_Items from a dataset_

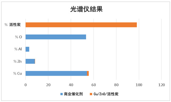 活性炭催化劑的制備,采用浸漬法制備了Cu/ZnO/活性炭催化劑。硝酸銅和硝酸鋅是將附著在活性碳上的銅和氧化鋅載體的原材料。Zn起促進劑的作用,以防止Cu的燒結。銅將在催化劑上被氧化并寫為銅[Zn]。之后,來自CuO分子將為CuO/ZnO相的形式。其還原將受到ZnO的影響。制備活性炭催化劑后,然后通過XRF,XRD,SEM和BET表面積分析儀對催化劑進行表征。商業(yè)催化劑和Cu/ZnO/活性炭催化劑的XRF分析見圖2。
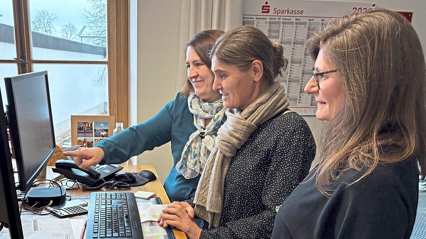 Susanne Gruber (v.li.), Rosmarie Röhrl und Katrin Langenfeld sind in den letzten Vorbereitungen für den Druck des neuen Vhs-Programm-Hefts.
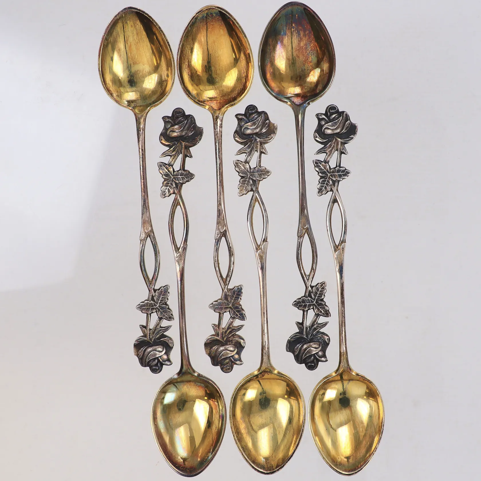 6 Skedar Rosen, längd 11cm, delvis förgyllda, 813/1000 silver Vikt: 54,3 g.
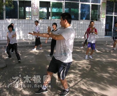 太极拳作为武术瑰宝,越来越被人们所喜爱。近日,陈家沟武术院里习练太极拳的氛围很浓,来自焦作理工大学的十多名学生在这里学习正宗的陈式太极拳,在李志强教练的带领下冒着酷热认真学习。 教练李志强在上课 教练李志强在上课 教练李志强在上课 [page]
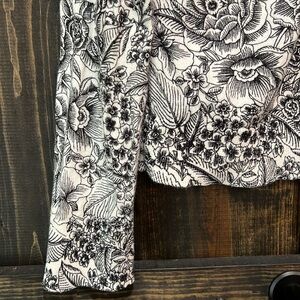J Crew brand Caryn cardigan sweater. Size large. Floral print. Black & white. Button front. Stretch cotton. Long sleeves. Dress up or down. Great layering piece for the office or casual wear. Preloved. Please see all photos for condition.
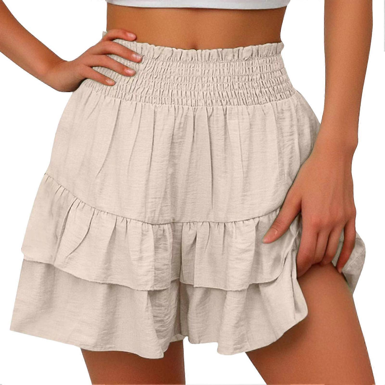 High-Waisted Women Shorts Layer Ruffle Wide Leg Casual Skirt Shorts Solid Color Work Leisure Beach
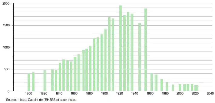 L'évolution du nombre d'habitants est connue à travers les recensements de la population effectués dans la commune depuis 1800. Pour les communes de moins de 10 000 habitants, une enquête de recensement portant sur toute la population est réalisée tous les cinq ans, les populations de référence des années intermédiaires étant quant à elles estimées par interpolation ou extrapolation[8]. Pour la commune, le premier recensement exhaustif entrant dans le cadre du nouveau dispositif a été réalisé en 2005[9].
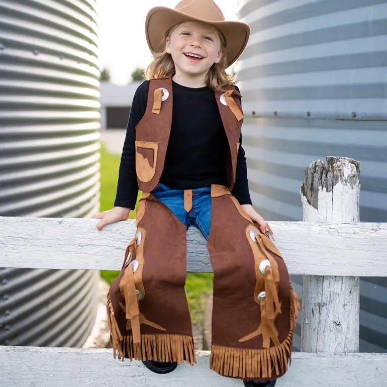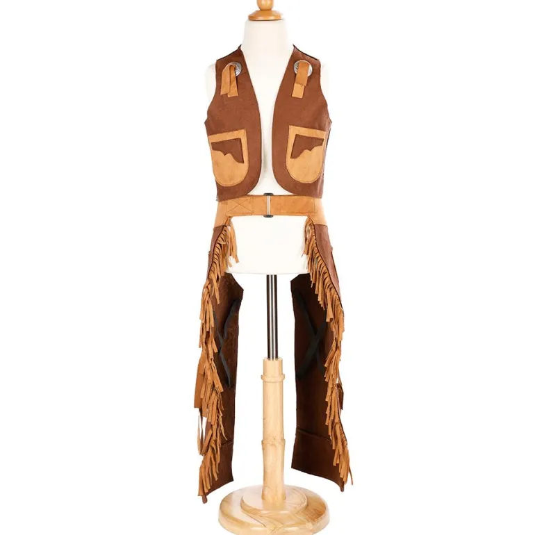 Con este alucinante traje compuesto por chaleco y chaparreras, te convertirás en la vaquera más audaz o el vaquero más intrépido de todo el Oeste, ¡prepárate para guiar a tu ganado a través de las llanuras!
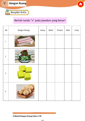 V Bangun Ruang Berpikir Kritis Berilah tanda ''v" pada jawaban yang benar! No Bangun Ruang Kubus Balok Prisma Bola Limas 1. 2. 3. 4. E-Modul Bangun Ruang Kelas V SD V
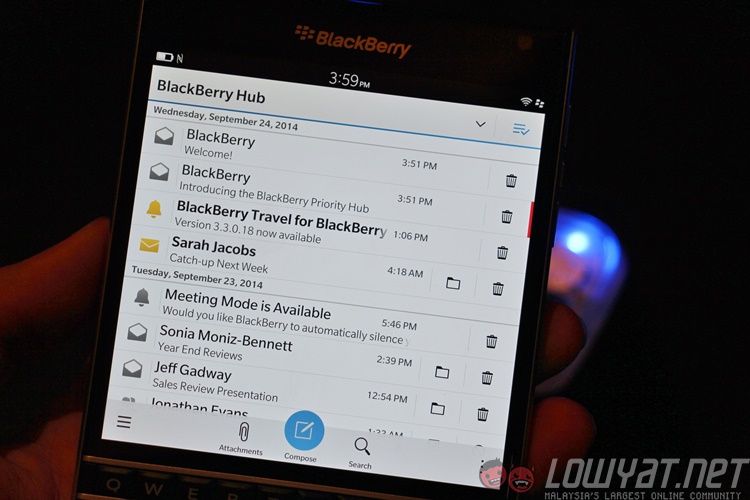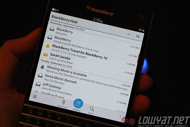 But, once you get used to the location of the keys, the typing experience gets somewhat smoother. What I really like about the Passport’s keyboard are the word prediction engine, which even from the start was able to have a good grasp of what I was going to type next – I’m pretty sure it’s not because I’m a predictable person. And it’s so easy to insert a prediction: a swipe up beneath the three word suggestions (located on the left, middle and right side of the bottom half of the screen) from your keyboard inserts that prediction. Made a typo? One swipe to the left from your keyboard removes the current word.
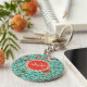 Ein aquamarinfarbener Schlüsselanhänger mit einem hübsch orangefarbenen und pfirsichfarbenen Blumenmuster mit marinen und grünen Blätter. Personalisieren Sie, indem Sie Ihren Namen und Monogramm in die Kirschtomate Rot abgerundeten Achteck-Abzeichen. Dies ist Teil der Aquamarine Floral Cherry Tomato Red Monogram Collection.

_About this task_
Your copy should hold exactly the lines from the line bearing "V Bangun Ruang" through the end of the data, both included, and no pictures or anything further.

_Reply to the task_
 V Bangun Ruang Berpikir Kritis Berilah tanda ''v" pada jawaban yang benar! No Bangun Ruang Kubus Balok Prisma Bola Limas 1. 2. 3. 4. E-Modul Bangun Ruang Kelas V SD V
 But, once you get used to the location of the keys, the typing experience gets somewhat smoother. What I really like about the Passport’s keyboard are the word prediction engine, which even from the start was able to have a good grasp of what I was going to type next – I’m pretty sure it’s not because I’m a predictable person. And it’s so easy to insert a prediction: a swipe up beneath the three word suggestions (located on the left, middle and right side of the bottom half of the screen) from your keyboard inserts that prediction. Made a typo? One swipe to the left from your keyboard removes the current word.
 Ein aquamarinfarbener Schlüsselanhänger mit einem hübsch orangefarbenen und pfirsichfarbenen Blumenmuster mit marinen und grünen Blätter. Personalisieren Sie, indem Sie Ihren Namen und Monogramm in die Kirschtomate Rot abgerundeten Achteck-Abzeichen. Dies ist Teil der Aquamarine Floral Cherry Tomato Red Monogram Collection.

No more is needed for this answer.